Так жил и трудился этот замечательный художник и исключительный человек. Тысячи людей сгибаются в более ранние годы, особенно когда на их долю выпадает хотя бы небольшая часть тех художественных успехов, какие стали уделом Репина. Его они не испортили, не превратили в «генерала от искусства», как это обычно бывает. Он был до конца прост и ласков со всеми, кто приходил к нему за советом, особенно бережно и любовно относясь к подрастающему поколению. Вот почему память о нем с такой нежностью храним в своих сердцах мы, его ученики, даже те из нас, кто, преклоняясь перед его гигантским дарованием и творческой волей, не считали его таким же блестящим педагогом, каким он был художником. Педагогом Репин не был, но великим учителем все же был.

Итоги

Манера письма каждого крупного художника на протяжении его деятельности постепенно меняется. Если в течение жизни человека неузнаваемо меняется его рукописный почерк, то могут ли оставаться постоянными живописный почерк художника, его манера, стиль? Внимательно изучив кривую эволюции рукописного почерка, мы легко можем восстановить хронологическую последовательность ряда недатированных писем, фиксируя даже отдельные годы. Так же точно по манере письма данной, недатированной картины мы без труда установим время ее создания, если точно изучим все манеры художника, последовательно сменявшие одна другую в течение его долгой жизни. Живопись 20-летних и 60-летних Тициана, Веласкеса, Гальса не имеет ничего общего.

В истории живописи давно установилась терминология: «первая», «вторая», «последняя манера художника». В зависимости от индивидуальных особенностей каждого автора, его гибкости, темперамента, таких манер бывает две-три-четыре, но бывало их и свыше десяти. Репин не был исключением, и внимательное изучение эволюции его живописного стиля дает основание говорить о десяти манерах художника, не считая его детских, чугуевских работ.

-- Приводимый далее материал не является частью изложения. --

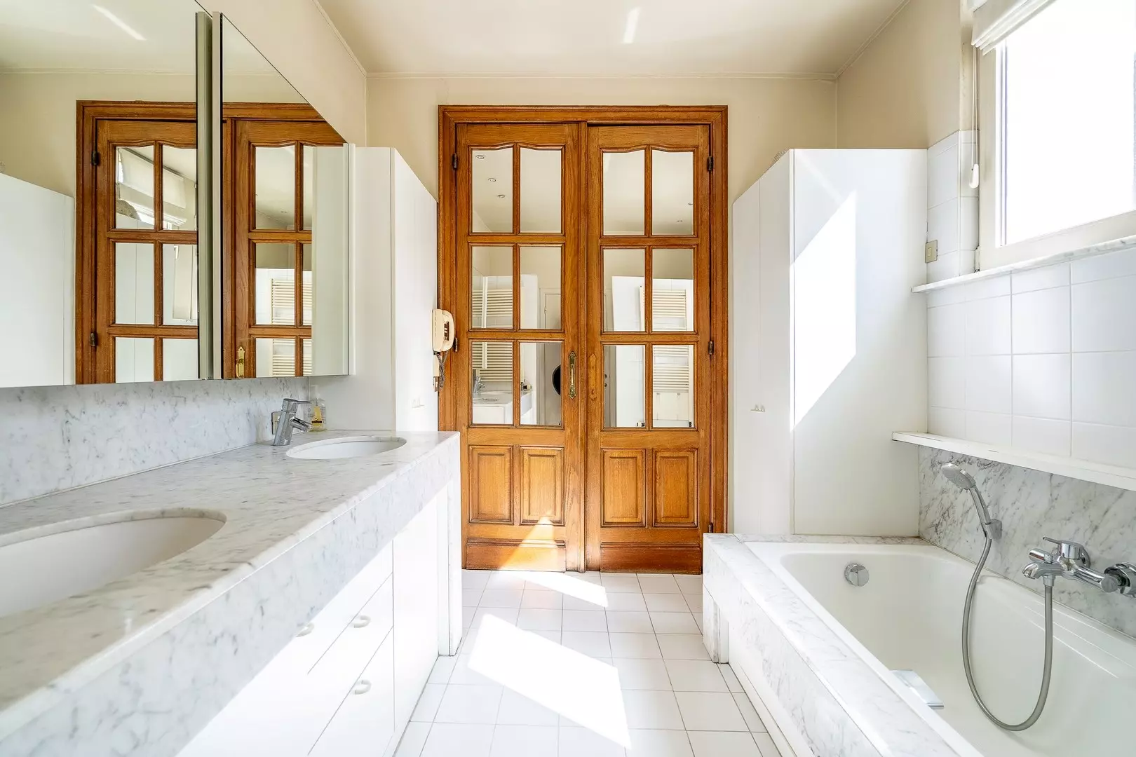 - Residential floors: The entrance hall provides access to a cozy living room with a fireplace, a dining area, and a fully equipped kitchen. On the mezzanine floor, there is a practical laundry room and the first bathroom.

Первая манера Репина падает на его академические годы, до поездки на Волгу, т. е. до 1870 г. В это время он пишет традиционным академическим приемом, жидко, с подмалевкой жженой сиеной, в красновато-коричневых тонах. В этой манере написан портрет Хлобощина (1868) и все классные эскизы. Временами Репин делает попытку освободиться от этой условной гаммы, унаследованной от чугуевских богомазов и сгущенной в стенах Академии, и тогда он неожиданно дает такую свежую по живописи, серебристую по цвету и искреннюю по чувству вещь, как «Приготовление к экзаменам».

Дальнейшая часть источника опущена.